(Stored items from a collection)
◇ ◇ ◇ ◇ ◇ ◇ ◇

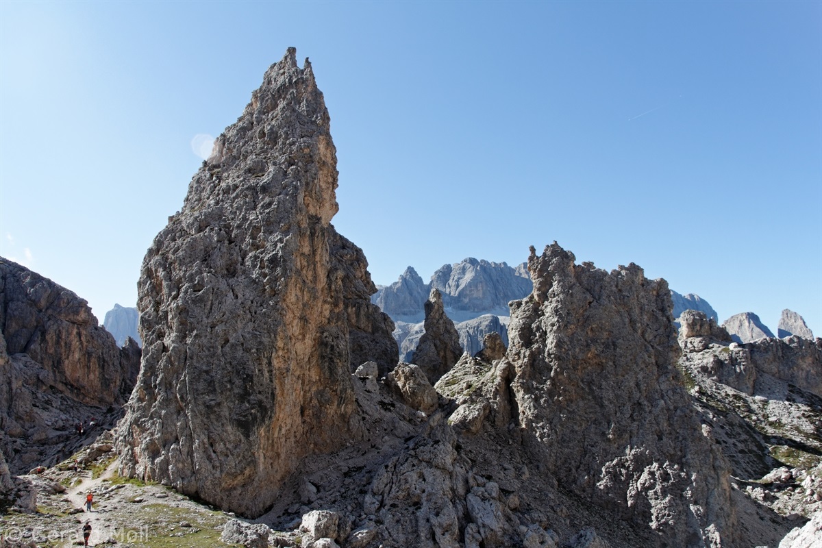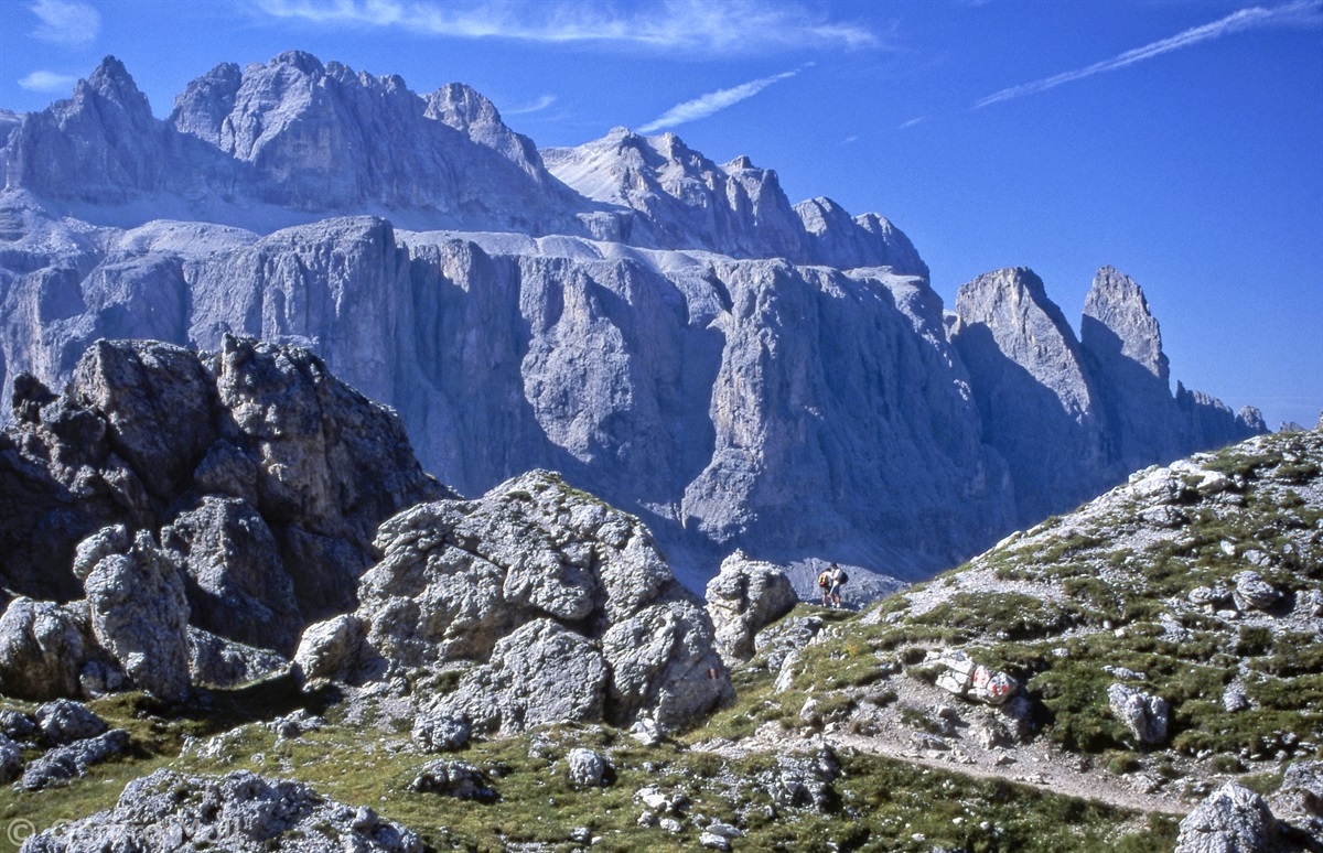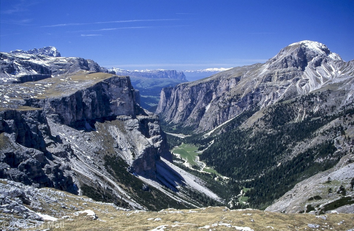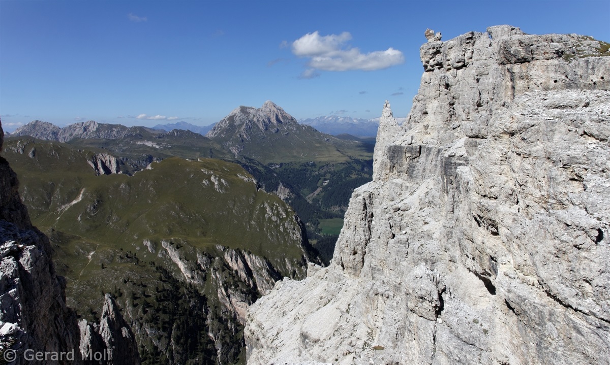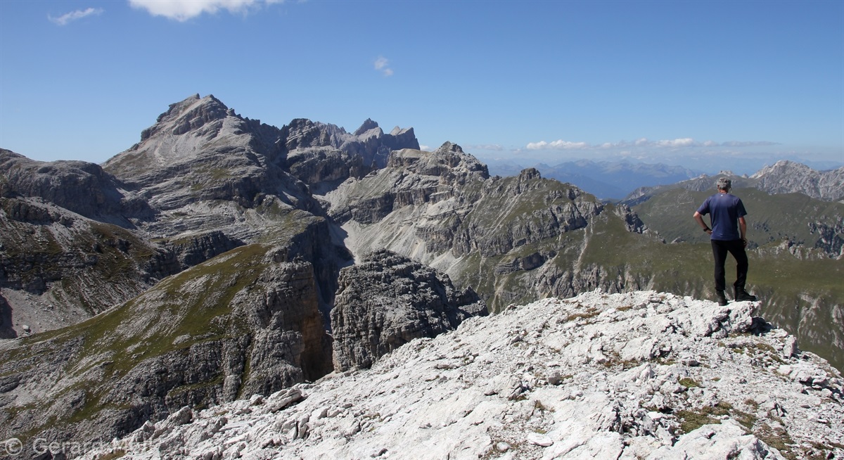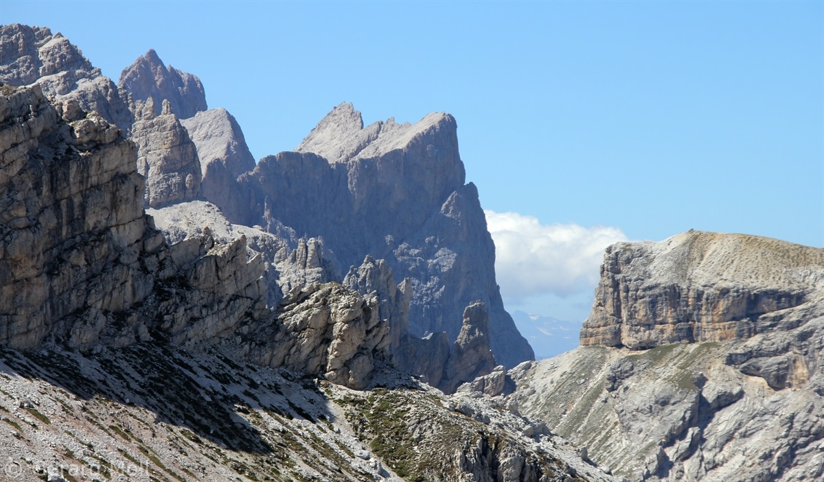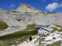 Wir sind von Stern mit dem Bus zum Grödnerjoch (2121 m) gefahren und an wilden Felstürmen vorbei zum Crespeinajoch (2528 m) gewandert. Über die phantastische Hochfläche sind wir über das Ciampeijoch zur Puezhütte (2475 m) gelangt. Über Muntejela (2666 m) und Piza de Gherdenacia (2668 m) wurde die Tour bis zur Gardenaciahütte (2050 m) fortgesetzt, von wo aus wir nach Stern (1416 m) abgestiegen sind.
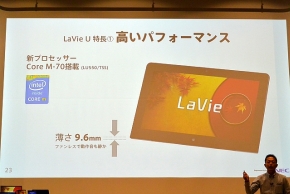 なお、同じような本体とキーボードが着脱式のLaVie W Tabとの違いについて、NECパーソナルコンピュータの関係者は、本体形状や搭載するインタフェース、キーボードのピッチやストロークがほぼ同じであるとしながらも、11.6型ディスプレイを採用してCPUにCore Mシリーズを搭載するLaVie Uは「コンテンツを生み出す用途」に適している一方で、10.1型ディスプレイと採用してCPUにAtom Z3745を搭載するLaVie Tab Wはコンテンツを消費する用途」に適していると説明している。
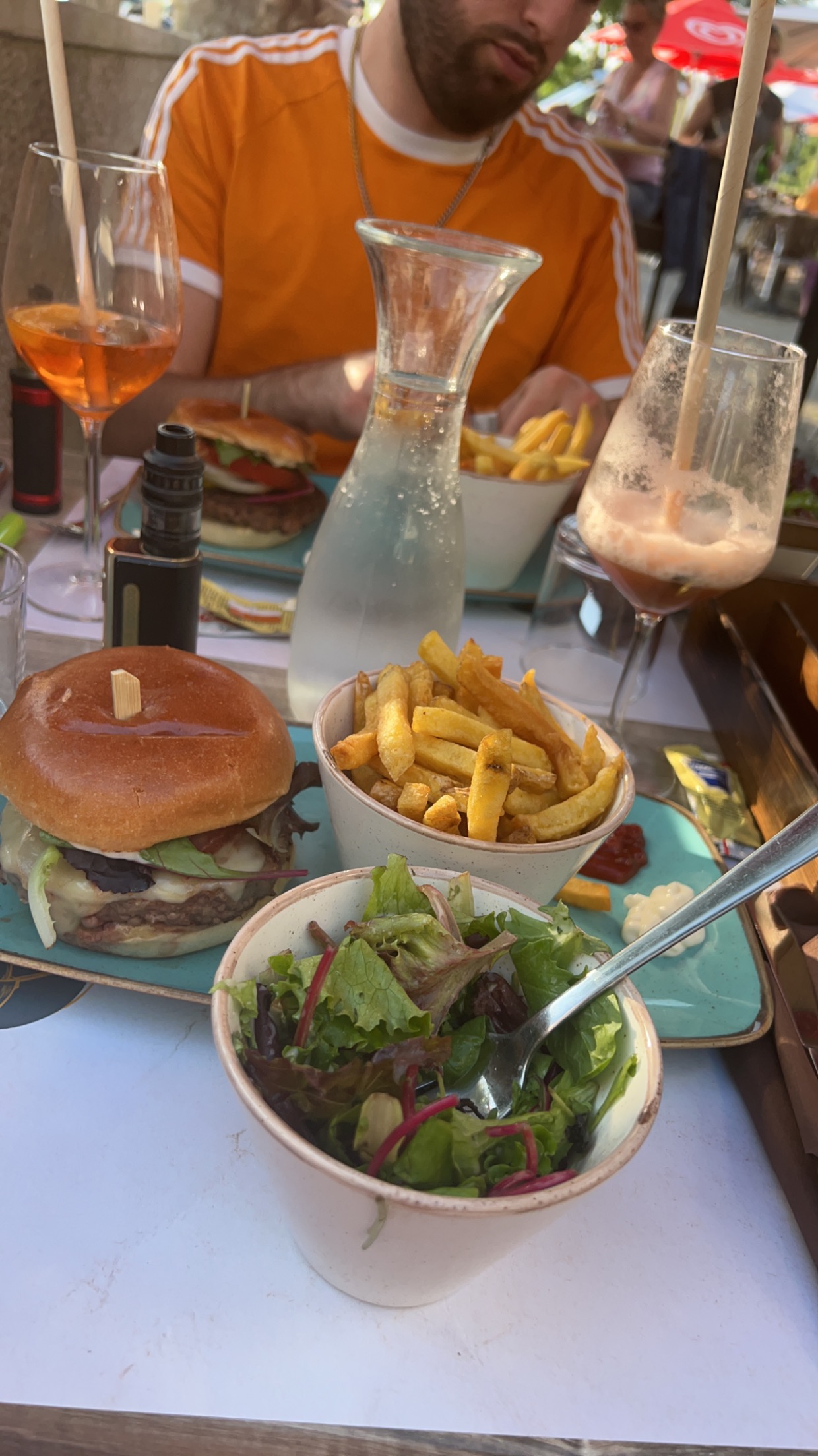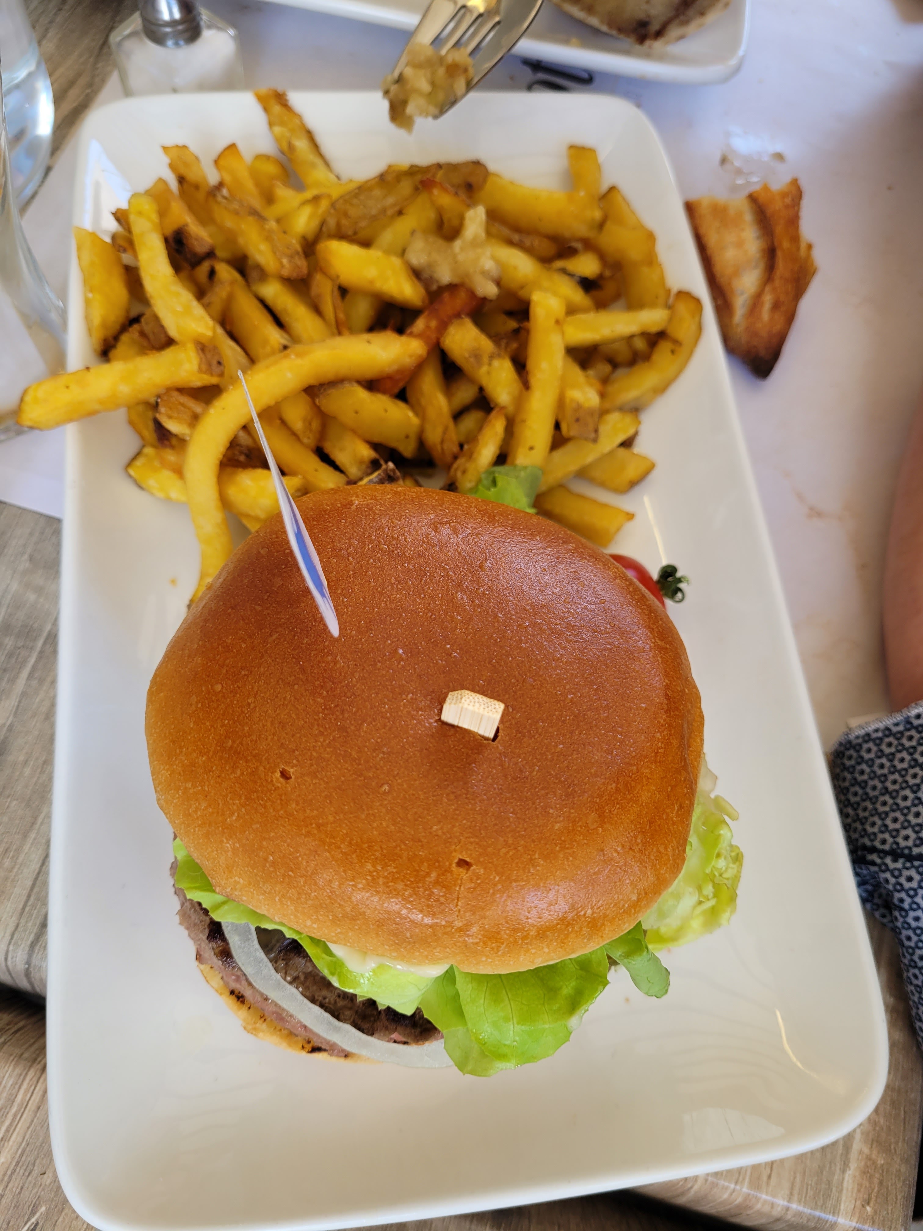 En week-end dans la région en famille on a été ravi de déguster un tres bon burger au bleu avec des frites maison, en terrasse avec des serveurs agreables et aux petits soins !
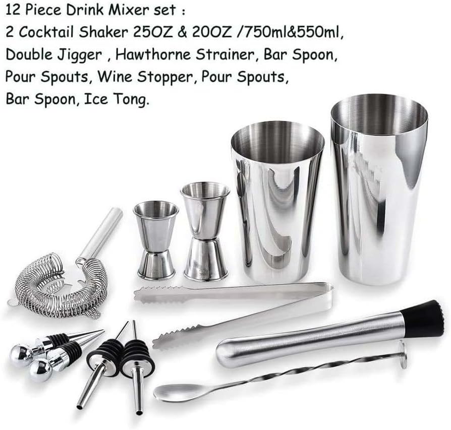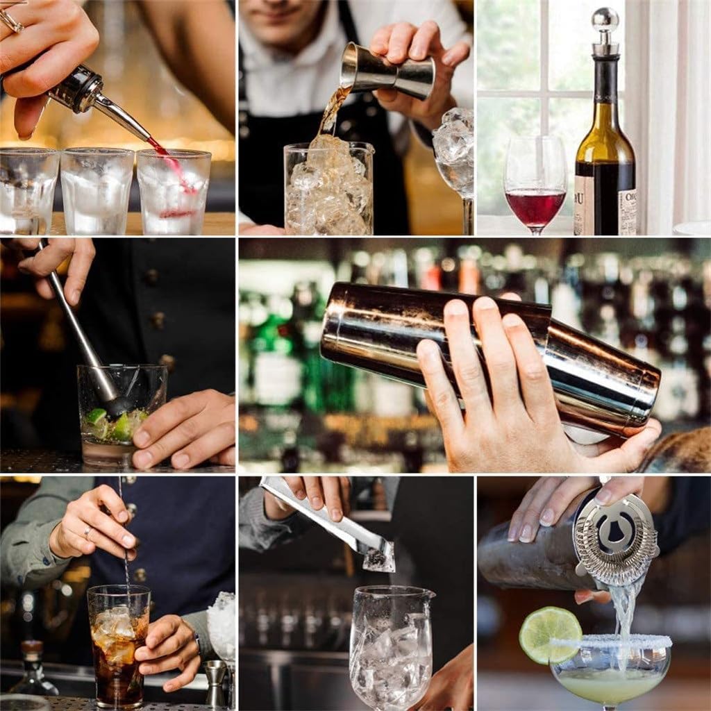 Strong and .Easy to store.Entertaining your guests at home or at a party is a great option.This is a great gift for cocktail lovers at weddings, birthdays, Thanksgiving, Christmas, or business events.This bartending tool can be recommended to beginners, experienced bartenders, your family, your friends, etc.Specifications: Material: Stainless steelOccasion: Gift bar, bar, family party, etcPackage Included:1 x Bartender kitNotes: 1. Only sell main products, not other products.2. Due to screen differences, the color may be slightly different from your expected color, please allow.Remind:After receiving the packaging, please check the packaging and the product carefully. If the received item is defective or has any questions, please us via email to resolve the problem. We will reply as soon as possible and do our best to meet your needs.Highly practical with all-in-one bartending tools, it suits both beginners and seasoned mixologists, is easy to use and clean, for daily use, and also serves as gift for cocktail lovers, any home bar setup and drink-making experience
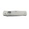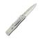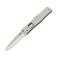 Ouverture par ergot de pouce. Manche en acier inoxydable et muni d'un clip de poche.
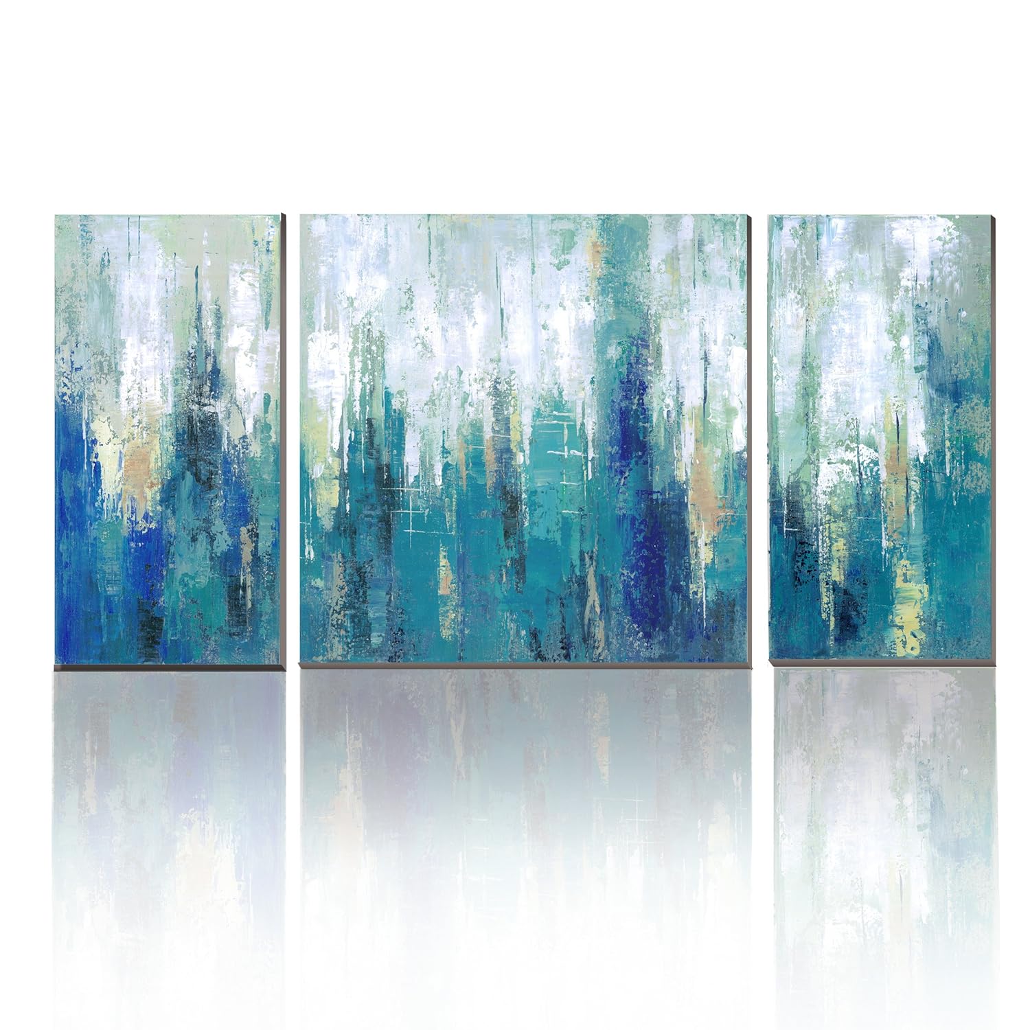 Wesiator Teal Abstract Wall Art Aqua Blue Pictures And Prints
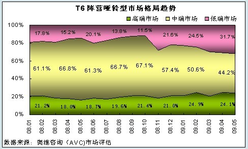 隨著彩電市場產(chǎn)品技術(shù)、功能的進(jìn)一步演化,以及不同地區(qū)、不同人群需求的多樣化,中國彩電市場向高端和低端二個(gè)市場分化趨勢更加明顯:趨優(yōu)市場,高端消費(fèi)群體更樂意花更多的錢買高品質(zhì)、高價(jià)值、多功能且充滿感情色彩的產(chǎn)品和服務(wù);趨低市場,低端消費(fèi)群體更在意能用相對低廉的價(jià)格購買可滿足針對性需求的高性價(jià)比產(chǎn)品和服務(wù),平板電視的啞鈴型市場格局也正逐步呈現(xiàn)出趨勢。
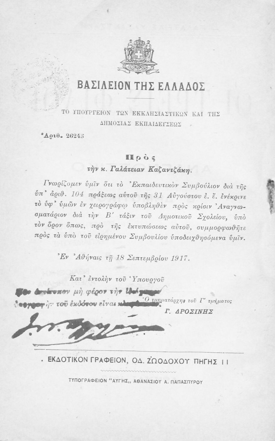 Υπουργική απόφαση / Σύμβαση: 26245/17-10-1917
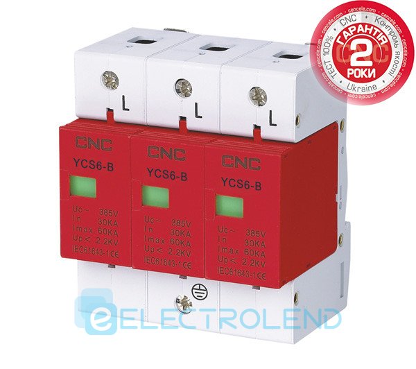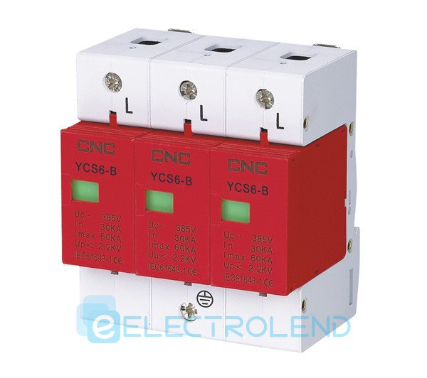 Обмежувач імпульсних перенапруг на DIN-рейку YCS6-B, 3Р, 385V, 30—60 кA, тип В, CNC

◇ ◇ ◇ ◇ ◇ ◇ ◇

» What you should do
An exact copy of the lines above, from the first through the line that holds "En week-end dans", is what is needed; leave the pictures out.

» Output of the exercise
 Wir sind von Stern mit dem Bus zum Grödnerjoch (2121 m) gefahren und an wilden Felstürmen vorbei zum Crespeinajoch (2528 m) gewandert. Über die phantastische Hochfläche sind wir über das Ciampeijoch zur Puezhütte (2475 m) gelangt. Über Muntejela (2666 m) und Piza de Gherdenacia (2668 m) wurde die Tour bis zur Gardenaciahütte (2050 m) fortgesetzt, von wo aus wir nach Stern (1416 m) abgestiegen sind.
 なお、同じような本体とキーボードが着脱式のLaVie W Tabとの違いについて、NECパーソナルコンピュータの関係者は、本体形状や搭載するインタフェース、キーボードのピッチやストロークがほぼ同じであるとしながらも、11.6型ディスプレイを採用してCPUにCore Mシリーズを搭載するLaVie Uは「コンテンツを生み出す用途」に適している一方で、10.1型ディスプレイと採用してCPUにAtom Z3745を搭載するLaVie Tab Wはコンテンツを消費する用途」に適していると説明している。
 En week-end dans la région en famille on a été ravi de déguster un tres bon burger au bleu avec des frites maison, en terrasse avec des serveurs agreables et aux petits soins !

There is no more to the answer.